1.3.2 Hydrogène énergétique

A ce jour les applications en tant que vecteur énergétique sont encore marginales en France. Une filière énergétique hydrogène tend néanmoins à se mettre en place dans de nombreux pays, européens avec l’installation de plus de 50 stations d’approvisionnement en Allemagne prévue en 2015, mais aussi dans le monde notamment au Japon, en Corée du Sud et plus généralement en Asie. A cela s’ajoute l’utilisation en tant qu’additif dans le gaz naturel (méthane), pour obtenir un carburant présentant une combustion plus propre (Hythane®).

Contrairement au paragraphe précédent, traitant des usages de l’hydrogène hors énergie, il s’avère difficile de donner des estimations chiffrées concernant la répartition de consommations d’hydrogène dans les usages énergétiques actuels et à venir, au regard de l’incertitude des nombreux scénarios proposés.

La demande énergétique mondiale atteignait en 2010 près de 12,7 Gtep dont près de 80 % est d’origine fossile. La production mondiale en hydrogène actuelle, si elle était uniquement utilisée à des fins énergétiques, ne permettrait de couvrir que 1,6 % des besoins énergétiques, et son développement demanderait un effort substantiel d’investissements tant pour la production que pour les infrastructures de transport et de distribution.

1.3.2.1 Propulsion spatiale etmoteur thermique

D’un point de vue énergétique, la principale application industrielle de l'hydrogène-énergie est la propulsion spatiale. L’hydrogène est utilisé comme carburant pour assurer la propulsion des fusées et lanceurs spatiaux. L’intérêt majeur réside dans sa forte densité énergétique massique puisque sa combustion permet de libérer environ 121 MJ/kg. Cette combustion est réalisée par de l’oxygène pur. Ainsi, Ariane 5 emporte 162 t d'oxygène liquide et 28 t d'hydrogène liquide pour l'alimentation de son moteur cryogénique. A noter que le secteur de l’aérospatial est actuellement en plein essor avec le développement de cette activité dans les pays émergents (Brésil, etc.), notamment par la mise en orbite prévue de satellites.

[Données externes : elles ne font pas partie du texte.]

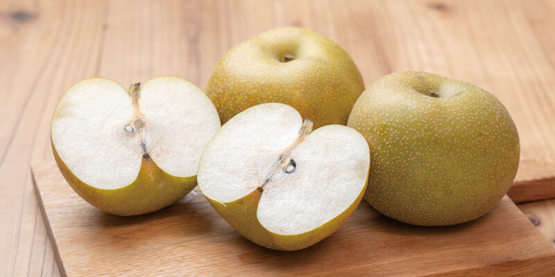シャリシャリとした独特の食感と瑞々しくて甘い味わいが特徴の果物。県内では、明治42年(1909)、観音寺市豊浜町和田地区で栽培が始まった。主力品種は「幸水」「豊水」「あきづき」など。毎年8月〜9月末頃まで、品種が入れ替わりながら味わうことができる。

Il pourrait aussi être envisagé une application plus large dans le domaine du transport par moteur à combustion interne. Tout comme le gaz naturel, l’hydrogène est en effet un carburant gazeux qui peut être directement brûlé dans un moteur thermique. Cependant, au regard des réticences sociales importantes concernant le management (stockage, sécurité, etc.) de ce vecteur énergétique, une telle diffusion est peu probable.

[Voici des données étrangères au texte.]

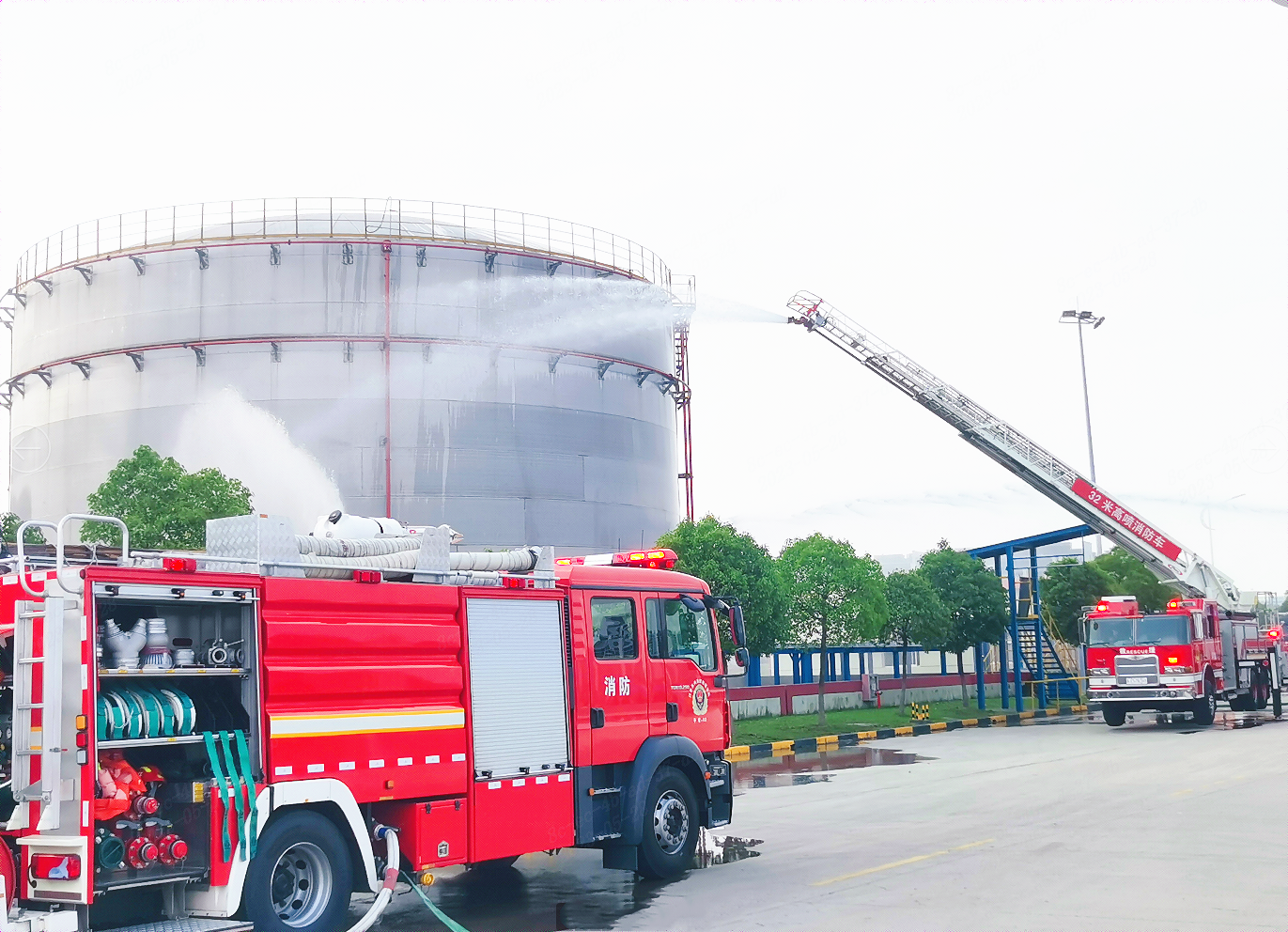 現場模擬了乙二醇E罐區泄漏著火,火勢較大難以控製的緊急情況。事故發生後,現場工作人員第一時間啟動應急預案,向相關部門領導報告,並隨即聯係企業消防隊報警,同時對值班室及碼頭相關人員進行疏散。國望消防隊到達現場後啟動內部消防設施,進行先期滅火和堵截火勢。吳江區消防救援大隊指揮中心隨即接警出動,調派各中隊前往現場增援。

Des applications de cogénération (production conjointe de chaleur et d’électricité) sont envisageables, comme c’est le cas avec le méthane.

L’utilisation industrielle de l’hydrogène carburant se développe également pour le transport en véhicules lourds, moyennant la réalisation de quelques modifications sur les moteurs : adaptation des injecteurs, taille du moteur, utilisation de matériaux résistant à l’hydrogène, modification des bougies et réglage du moteur différent [28]. Plusieurs constructeurs automobiles ont réalisé des démonstrations de véhicules fonctionnant à l’hydrogène-carburant (BMW, Mercedes, Mazda, etc.). Toutefois, du fait d’un problème de volume du moteur, le développement des véhicules fonctionnant à hydrogène s’oriente plutôt vers l’utilisation de piles à combustibles.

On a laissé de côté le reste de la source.